Veolia Water Technologies settles in at Brucejack Mine
Each mine site Veolia works with poses its own challenges
Veolia Water Technologies was working with Pretivm Resources at its Brucejack project for two years before Pretivm officially chose Veolia as its permanent water treatment system supplier. The Brucejack Gold Mine is shifting from Veolia’s mobile treatment plant to the permanent wastewater treatment system. The permanent system “has been designed by Veolia for low-level metals precipitation and TSS (total suspended solids) removal utilizing our Actiflo and Discfilter technologies,” said David Oliphant, vice-president of business development—heavy industry at Veolia Water Technologies Canada.
The welcomed permanency comes after thorough testing completed by both Veolia and Pretivm. The extensive lab work was meant “to replicate the waste streams that they were going to need to treat at the mine site,” Oliphant said. “They were extremely aware of the environmental responsibilities that come with a new mine. They took it very seriously and with the amount of test work completed, it was evident that it was a top priority for Pretivm.”
The technology being used at Brucejack is high-rate clarification technology Veolia created over 25 years ago: Actiflo. “It is a proven technology that has been used by numerous mining companies across the globe,” said Oliphant. Its operating performance and minimal environmental footprint make Actiflo applications and adaptations successful in the mining sector. “The small footprint of our technology was a definite driver at Brucejack,” Oliphant said.
The permanent facility meets Brucejack’s strict environmental regulations and is designed to treat up to 10,000 cubic metres of effluent each day.
Veolia’s work at Brucejack is ongoing, despite securing its position to supply the permanent water treatment system. “We still have a small crew at the site,” Oliphant said. The team’s current on-site duties include some commissioning activities as the permanent facility nears completion. “Certainly, the big focus for Pretivm right now is getting its mill operational, but the water treatment plant will be operational shortly,” he said.

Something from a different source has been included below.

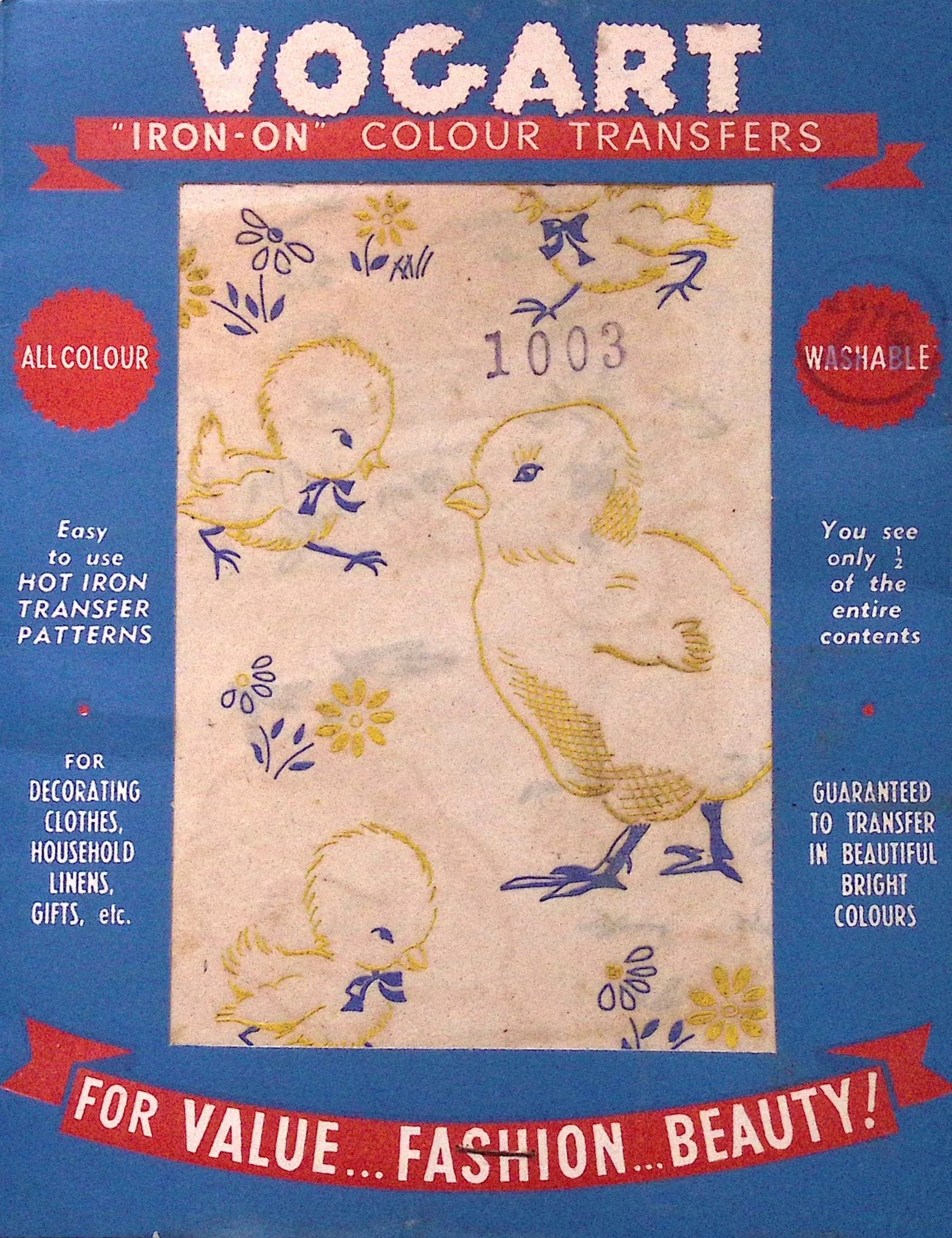 Add a touch of whimsy to any project with these Vintage Vogart Iron-On Colourful Transfers! These playful and vibrant transfers feature adorable baby chicks in shimmering gold and regal royal blue, sure to bring a smile to anyone's face. Perfect for adding a unique and playful touch to any fabric or crafting project. ©1950's.

A personal investment in company clients
Oliphant has 25 years of experience working with water treatment. He first worked with a private water treatment company before joining Veolia Water Technologies in 2003. “I certainly grew to appreciate the business and what it was doing to meet future needs of municipalities and industries,” he said.
His current role is fast paced but rewarding. Between daily interactions with clients and working with his team of engineers and experts at Veolia, Oliphant remains motivated by and focused on the clients. “I look at ways to meet our client’s requirements with regards to the challenges of industrial water treatment, whether it’s mining, pulp and paper, or power,” he said. “The real joy of all that is coming up with unique technical solutions for our clients in both industrial and municipal applications.”
Water treatment technology in mining
Veolia values its clients’ safety and satisfaction. “When we are dealing with clients, it is all about transparency and integrity,” Oliphant said. “At the end of the day, it’s our goal to make sure we have a happy client and a client who has a system that does what we said it was going to do. We strive to be a trusted advisor for our clients.”
Each mine site Veolia works with poses its own challenges. “Within many mine water applications, there is a constant change in water quality,” said Oliphant. “You need to be able to design a plant and have the technology that can take variations in your influent feedwater criteria.”
In terms of the Actiflo technology now installed at the Brucejack Gold Mine, “Veolia worked at preparing many different treatment scenarios with regards to solids loading, metals loading, etcetera,” said Oliphant, “but also engineering a process that can take those variations and really give the client the confidence that they need when dealing with such strict environmental discharge requirements.”
In addition, there was the challenge of moving equipment across a 12-kilometre glacier at Brucejack. “They’ve done a fabulous job in developing strategies to get equipment to such a remote site,” Oliphant said.
Despite the challenges presented with Pretivm’s Brucejack project, Oliphant and his team at Veolia were able to spend a significant amount of time working with Pretivm “to develop a comprehensive treatment chain” that met the permitting, environmental and production requirements of its new treatment facility.